- Microsoft is solidifying its commitment to FHIR by announcing the availability of its new open source FHIR Server for Azure.
The tool, available on GitHub, allows developers to take advantage of ready-to-use support infrastructure for working with health data in the cloud. The project is intended to reduce the time and effort required to develop much-needed services, including applications focused on promoting interoperability or leveraging machine learning and AI.
“Fast Healthcare Interoperability Resources (FHIR) is rapidly gaining support in the healthcare community as the next generation standards framework for interoperability, and it’s clear why. FHIR provides a simpler, easier-to-learn, and pragmatic framework,” wrote Heather Jordan Cartwright, General Manager of Microsoft Healthcare.
“We believe the best way to support developers working with health data is to offer tools that allow them to come together – for collaboration, creation, sharing, and building on each other’s work. Building on the shared experience of healthcare standards communities, FHIR offers an extensible data model and a REST API to simplify the implementation and interoperability of health data.”
Microsoft is just one of many companies, both native to healthcare and new to the industry, which are turning to FHIR as a way to overcome deeply entrenched data siloes and promote the freer movement of datasets that could support improved population health management, predictive analytics, and patient engagement.
Earlier in 2018, Microsoft joined Amazon, Google, IBM, Salesforce, and Oracle in a pledge to accelerate interoperability, with FHIR playing an “essential” role in the ability to share data across disparate systems in a secure, seamless manner.
“We understand that achieving frictionless health data exchange is an ongoing process, and we commit to actively engaging among open source and open standards communities for the development of healthcare standards, and conformity assessment to foster agility to account for the accelerated pace of innovation,” said the six technology giants in an open letter to the industry published in August.

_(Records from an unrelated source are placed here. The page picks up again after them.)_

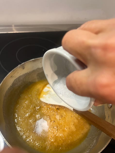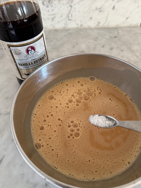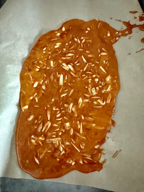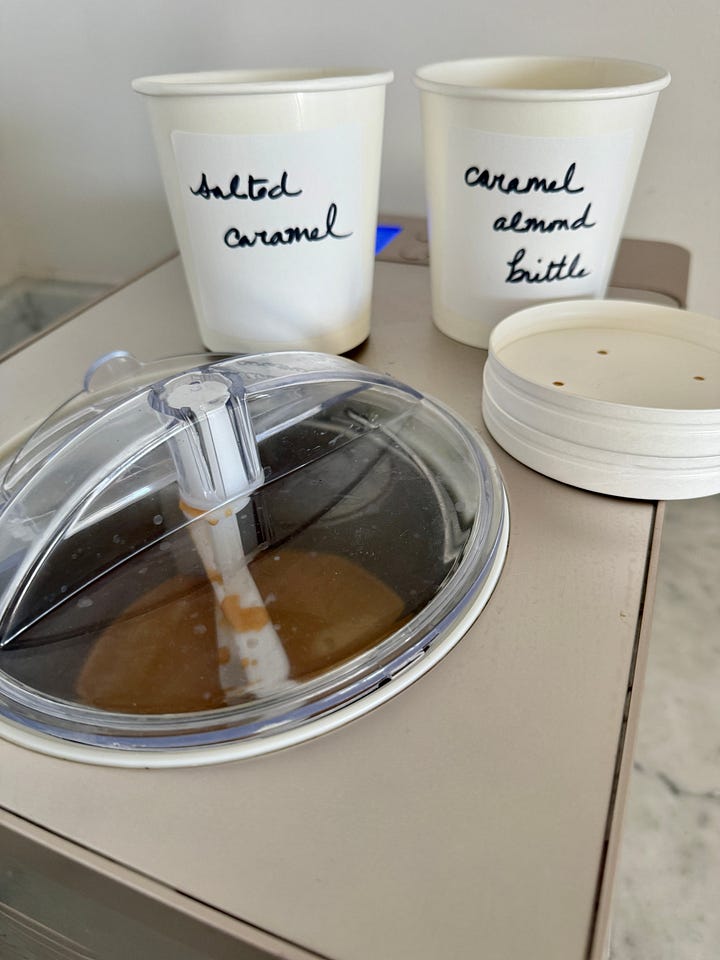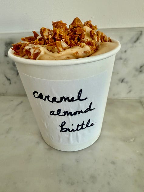 Salted caramel is hands down my favorite ice cream flavor. It’s perfect alone and improves almost every cake, pie, and dessert it’s paired with. Putting chunks of homemade almond brittle takes it over the top. It’s also good with chopped meringue pieces, a variation I had in Rome.
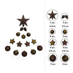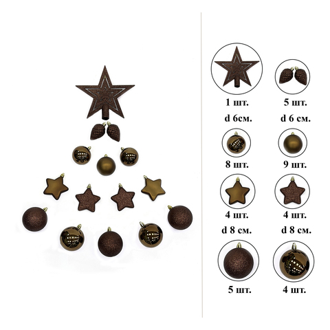 Декор набор шаров с верхушкой 40 штук, коричневый
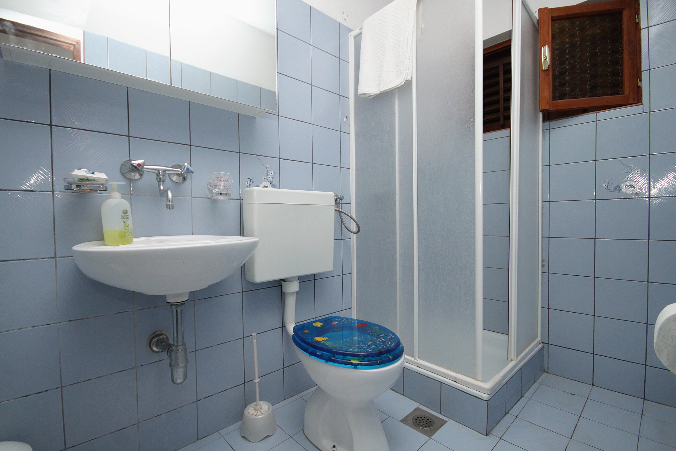 Apartament może przyjąć 5 gości. Łóżka znajdują się w sypialniach, których jest 2, oraz w jadalni, na powierzchni 51m2. Goście mają dostęp do tarasu, by korzystać z ciepłych, letnich wieczorów. Z apartamentu roztacza się widok na morze. Możliwość przygotowywania posiłków poprzez korzystanie ze wspólnego grilla. W kwaterze dozwolony jest pobyt zwierzęcia domowego, za dopłatą. WLICZONE W CENĘ: taksa pobytowa, sprzątanie końcowe, klimatyzacja, parking, internet, dostawka, żelazko, deska do prasowania, suszarka do włosów. OBOWIĄZKOWE KOSZTY DODATKOWE: dopłata za krótki termin (procent dopłaty w zalezności od liczby noclegów: 30% - 1, 20% - 2, 10% - 3). NIEOBOWIĄZKOWE KOSZTY DODATKOWE: zwierzęta domowe (5,00 € za nocleg). Dostępność dodatkowych usług w rezerwowanym terminie oraz ich cenę (jeśli nie jest podana) należy sprawdzić wcześniej. Za dodatowe usługi, które nie zostały uwzględnione w kalkulacji ceny, płaci się bezpośrednio właścicielowi obiektu, pod warunkiem śe gość korzysta z tych usług.

The combination of cloud and FHIR will be the key for enabling significant advances in interoperability, machine learning, and big data analytics, Jordan Cartwright reiterated in her blog post.
“In almost every facet of healthcare, the ambition to create and deliver AI exceeds the tools available to deliver it. FHIR Server for Azure provides a foundation to address that problem,” she said.
“Working with data in the FHIR format, developers can use the server to quickly ingest and manage FHIR datasets in a cloud environment, track and manage data access, and begin to normalize data for machine learning workloads.”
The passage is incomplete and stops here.